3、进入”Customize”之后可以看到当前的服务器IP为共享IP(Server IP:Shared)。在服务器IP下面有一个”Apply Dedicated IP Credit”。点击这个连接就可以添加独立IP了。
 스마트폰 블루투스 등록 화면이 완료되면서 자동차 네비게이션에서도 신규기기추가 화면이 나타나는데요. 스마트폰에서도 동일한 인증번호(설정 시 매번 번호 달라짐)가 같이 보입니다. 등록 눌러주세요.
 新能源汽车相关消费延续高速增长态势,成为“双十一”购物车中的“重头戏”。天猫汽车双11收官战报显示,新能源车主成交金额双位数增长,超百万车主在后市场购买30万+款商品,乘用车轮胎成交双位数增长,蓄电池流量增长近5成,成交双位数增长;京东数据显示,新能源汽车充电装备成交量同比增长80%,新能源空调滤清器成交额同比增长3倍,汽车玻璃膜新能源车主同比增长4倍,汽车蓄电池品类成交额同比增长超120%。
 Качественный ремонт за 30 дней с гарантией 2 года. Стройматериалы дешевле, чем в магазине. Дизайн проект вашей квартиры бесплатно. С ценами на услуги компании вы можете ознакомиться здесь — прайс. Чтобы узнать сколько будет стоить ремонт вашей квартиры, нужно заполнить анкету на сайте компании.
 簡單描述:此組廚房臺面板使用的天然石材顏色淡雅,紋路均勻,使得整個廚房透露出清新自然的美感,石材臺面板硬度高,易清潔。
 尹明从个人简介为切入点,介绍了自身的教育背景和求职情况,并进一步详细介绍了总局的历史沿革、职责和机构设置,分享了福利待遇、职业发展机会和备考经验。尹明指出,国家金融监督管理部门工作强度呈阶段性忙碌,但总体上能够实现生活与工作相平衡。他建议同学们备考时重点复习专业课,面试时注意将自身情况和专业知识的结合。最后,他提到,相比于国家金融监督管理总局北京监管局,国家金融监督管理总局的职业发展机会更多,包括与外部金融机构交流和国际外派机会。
━━━━━━━━━━━━━━━━
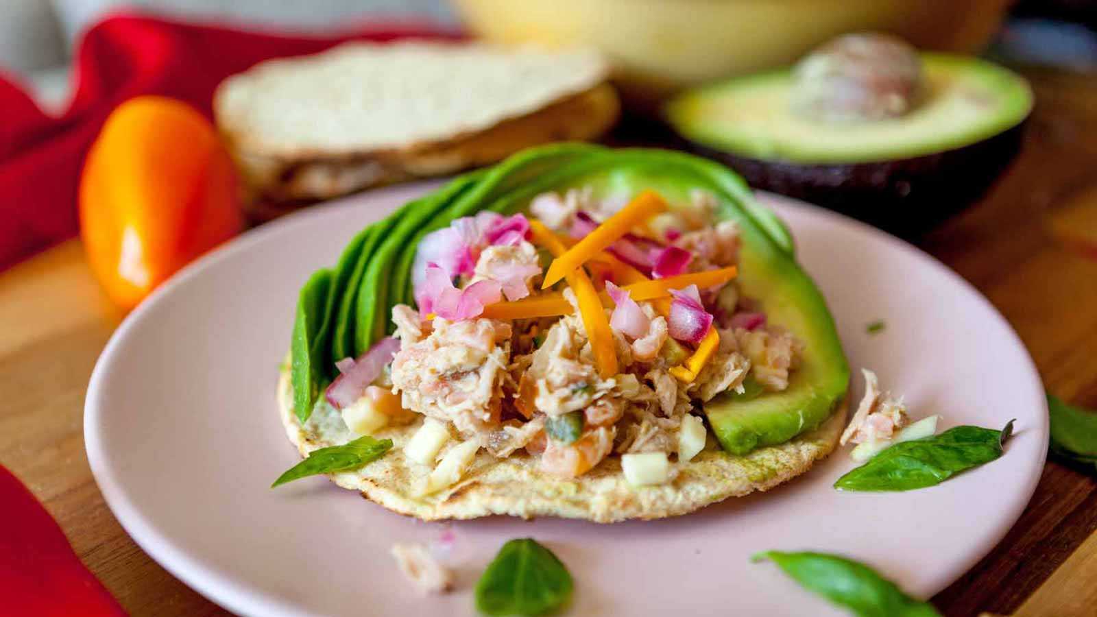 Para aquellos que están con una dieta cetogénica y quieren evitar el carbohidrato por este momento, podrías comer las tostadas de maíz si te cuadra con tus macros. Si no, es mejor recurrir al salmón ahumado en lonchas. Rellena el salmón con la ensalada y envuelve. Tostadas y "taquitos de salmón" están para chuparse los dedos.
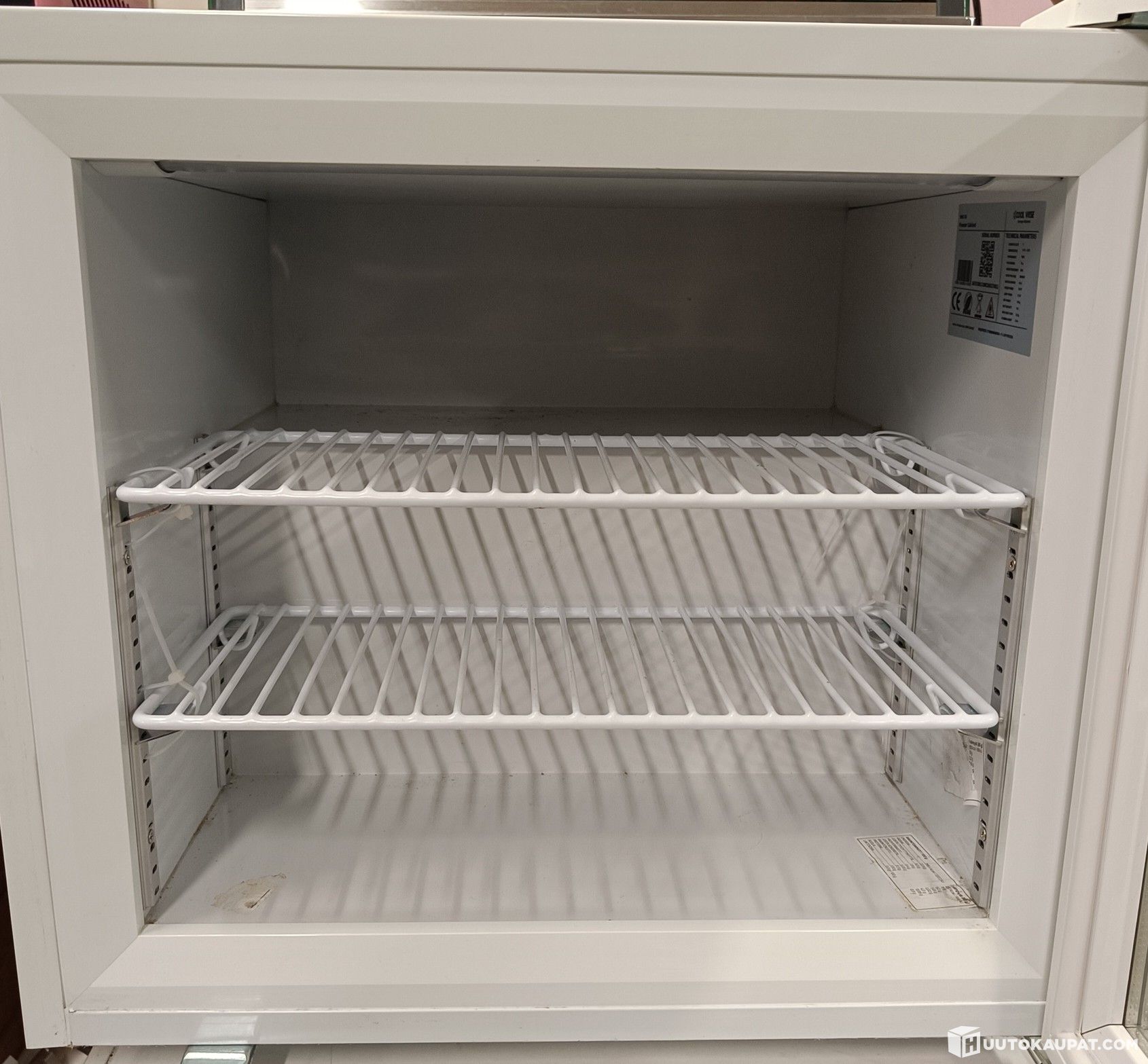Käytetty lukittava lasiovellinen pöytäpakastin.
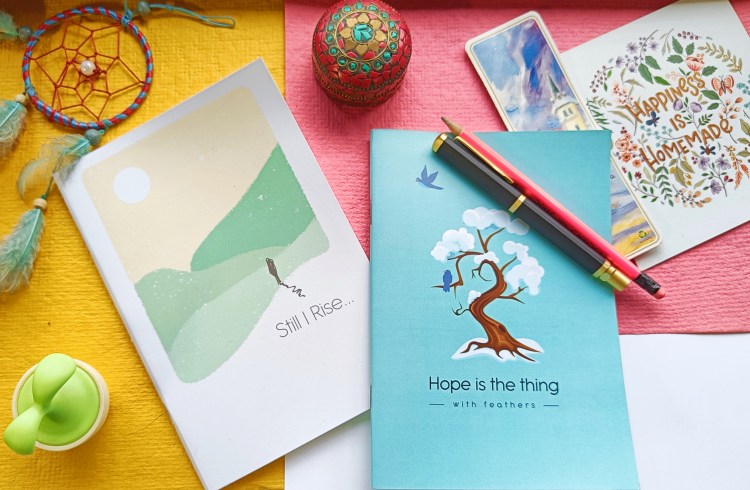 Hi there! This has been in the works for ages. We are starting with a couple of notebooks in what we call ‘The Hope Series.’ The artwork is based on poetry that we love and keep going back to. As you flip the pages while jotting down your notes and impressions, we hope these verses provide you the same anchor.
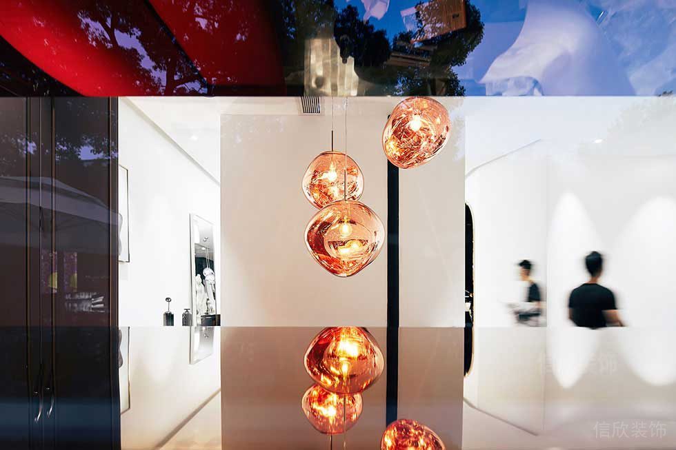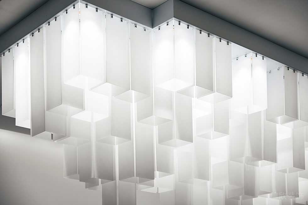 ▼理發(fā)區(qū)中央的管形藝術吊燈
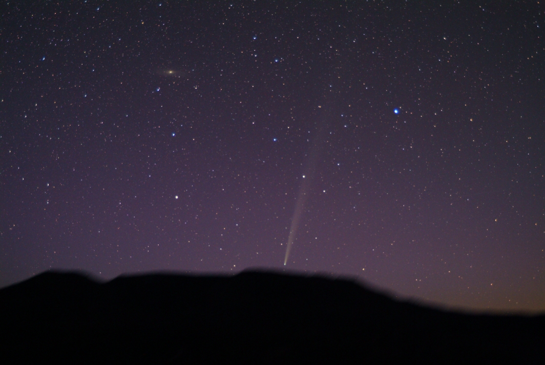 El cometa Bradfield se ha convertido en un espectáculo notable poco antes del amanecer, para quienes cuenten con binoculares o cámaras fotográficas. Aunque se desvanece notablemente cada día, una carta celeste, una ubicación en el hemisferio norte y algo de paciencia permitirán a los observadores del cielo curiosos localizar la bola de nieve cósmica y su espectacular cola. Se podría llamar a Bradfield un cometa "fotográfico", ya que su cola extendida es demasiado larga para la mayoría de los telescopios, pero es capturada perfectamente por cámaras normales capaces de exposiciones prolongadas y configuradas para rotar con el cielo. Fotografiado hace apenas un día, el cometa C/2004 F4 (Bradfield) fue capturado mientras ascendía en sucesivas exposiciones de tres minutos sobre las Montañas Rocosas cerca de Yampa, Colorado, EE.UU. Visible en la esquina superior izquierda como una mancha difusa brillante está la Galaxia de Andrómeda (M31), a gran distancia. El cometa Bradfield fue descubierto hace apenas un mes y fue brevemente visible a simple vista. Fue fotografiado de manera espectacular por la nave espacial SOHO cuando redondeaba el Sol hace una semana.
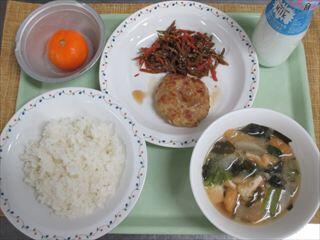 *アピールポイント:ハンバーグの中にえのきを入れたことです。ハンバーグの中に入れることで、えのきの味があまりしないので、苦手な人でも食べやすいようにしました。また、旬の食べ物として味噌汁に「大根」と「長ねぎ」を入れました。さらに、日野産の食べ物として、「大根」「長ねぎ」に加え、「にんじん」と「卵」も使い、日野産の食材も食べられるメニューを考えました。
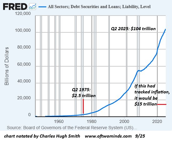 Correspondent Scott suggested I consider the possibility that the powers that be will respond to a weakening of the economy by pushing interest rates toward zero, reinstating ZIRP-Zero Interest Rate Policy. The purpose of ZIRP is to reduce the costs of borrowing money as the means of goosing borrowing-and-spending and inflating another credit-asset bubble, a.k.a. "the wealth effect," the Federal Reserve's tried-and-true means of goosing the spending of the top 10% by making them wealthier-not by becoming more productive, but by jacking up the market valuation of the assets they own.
━━━━━━━━━━━━━━━━
• [Assigned task] Reproduce exactly, and only, the part of the listing above that begins at the line with "Качественный ремонт за" and goes on through the line with "尹明从个人简介为切入点,介绍".

• [Solved problem]
 Качественный ремонт за 30 дней с гарантией 2 года. Стройматериалы дешевле, чем в магазине. Дизайн проект вашей квартиры бесплатно. С ценами на услуги компании вы можете ознакомиться здесь — прайс. Чтобы узнать сколько будет стоить ремонт вашей квартиры, нужно заполнить анкету на сайте компании.
 簡單描述:此組廚房臺面板使用的天然石材顏色淡雅,紋路均勻,使得整個廚房透露出清新自然的美感,石材臺面板硬度高,易清潔。
 尹明从个人简介为切入点,介绍了自身的教育背景和求职情况,并进一步详细介绍了总局的历史沿革、职责和机构设置,分享了福利待遇、职业发展机会和备考经验。尹明指出,国家金融监督管理部门工作强度呈阶段性忙碌,但总体上能够实现生活与工作相平衡。他建议同学们备考时重点复习专业课,面试时注意将自身情况和专业知识的结合。最后,他提到,相比于国家金融监督管理总局北京监管局,国家金融监督管理总局的职业发展机会更多,包括与外部金融机构交流和国际外派机会。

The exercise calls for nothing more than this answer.